Während das Fleisch im Topf zischt hat man genug Zeit, das Suppengrün, die Gemüsezwiebel und die zwei Schalotten zu würfeln.Wenn das Fleisch angebraten und beiseite gestellt ist, schmort man anschließend gleich das Gemüse in dem Topf. Aber nur ganz kurz, dann kommt schon das Schwarzbier und ca. 1 L Wasser dazu. Jetzt kann man schon ins Gewürzregal greifen.Bei mir findet Estragon, Oregano, Kurkuma, Koreander, Kümmel, Kreuzkümmel, Kerbel, ein Hauch Muskat und Salz den Weg in den Topf.

Wenn die Schwarzbier-Gemüsebrühe eine halbe bis dreiviertel Stunde vor sich hin gekocht hat, kann sie vom Herd. Ich presse das Gemüse noch mit meinem kleinen Eiertopf durch den Durchschlag – soll ja nichts verschwendet werden.

Jetzt kommt der Schritt den man tun oder lassen kann: In meinen Topf kommt etwas vom angebratenen Fleisch und ein bis drei Esslöffel Weizenmehl. Ganz so, wie sähmig man seinen Gulasch mag. Das Mehl ist nicht von Nöten, es geht auch ohne. Das Mehl bräunt leicht mit an (nicht verbrennen lassen!), dann kommt das restliche Fleisch und die Schwarzbier-Gemüsebrühe dazu.

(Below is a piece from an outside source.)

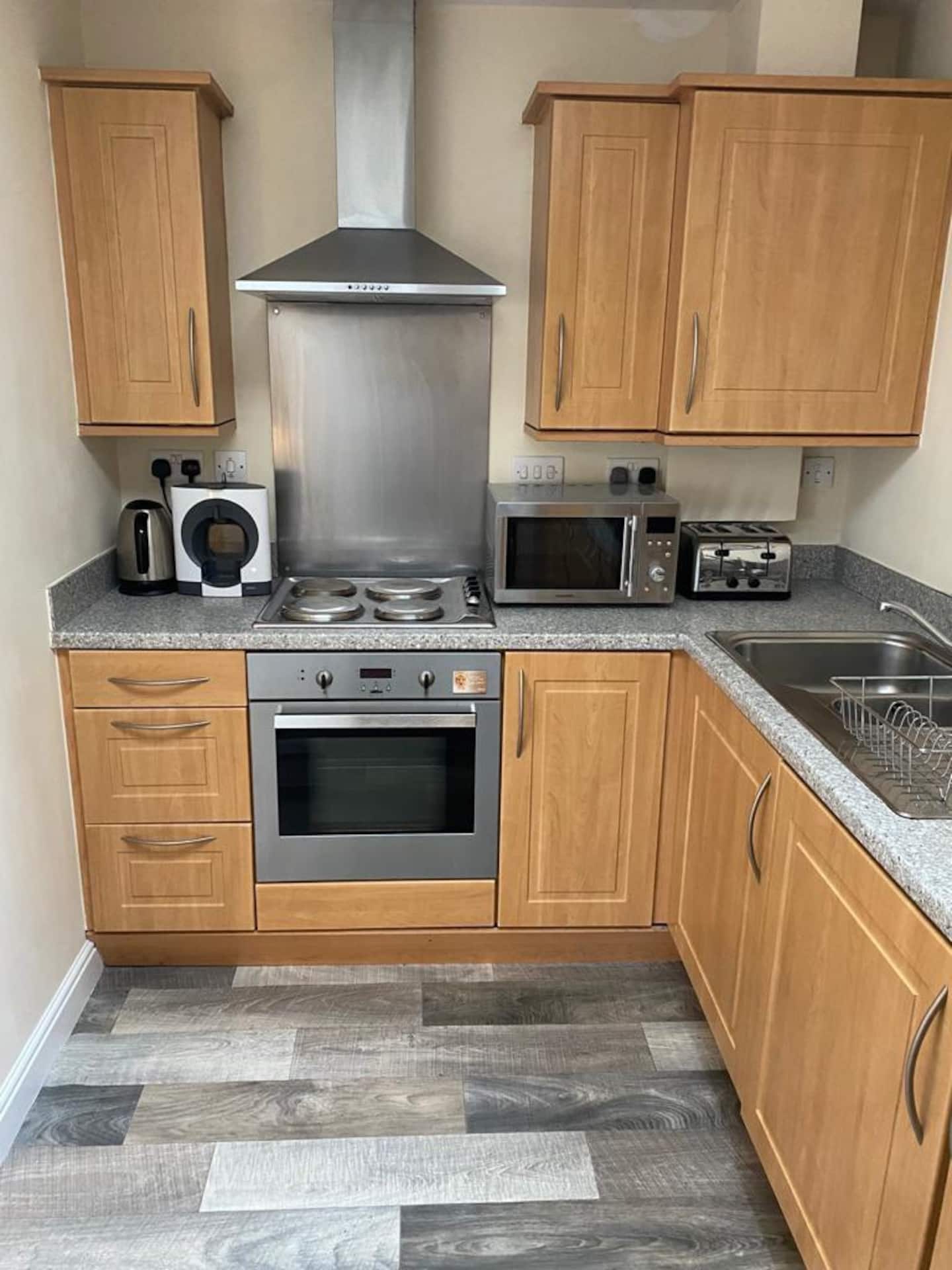 The cosy living room, also hosts a double sofa bed and single sofa bed for any additional guests. The bathroom hosts a shower over the bath. The apartment comes with a fully fitted kitchen, complete with everything you need to enjoy a home cooked meal, in your home away from home.”

Da der Gulasch locker schwimmen soll, muss wieder etwas Wasser dazu.Jetzt darf man nochmal nachwürzen, vor allem Schwarzer Pfeffer und Salz müssen in den Topf – nicht zu vergessen die klein gehackte Petersilie. Und vielleicht etwas Chilli – aber man sollte es nicht übertreiben. Abschmecken hat eh noch keinen Sinn: Die angebrannten Reste im Topf haben sich mit der Gemüsebrühe zwar gelöst, man schmeckt sie aber sehr deutlich. Während der nächsten Stunde, in der der Gulasch vor sich hin köchelt, verfliegt das. So, wie ich immer mal wieder neugierig meinen Probierlöffel in den Topf halte, würze ich ganz nach Gusto nach.

Nach einer Stunde könnte das Rind schon weich sein, es kann aber auch knapp 2 Stunden dauern. Da hilft nur immer mal nachgucken zu gehen. Meist koche ich abends für den nächsten Tag, sodass der Gulasch schön auf dem Balkon ziehen kann. Bisher ist er immer schnell alle gewesen – egal ob zu Hause oder bei Feiern. Zum Einfrieren komme ich fast nie. :)

(swg)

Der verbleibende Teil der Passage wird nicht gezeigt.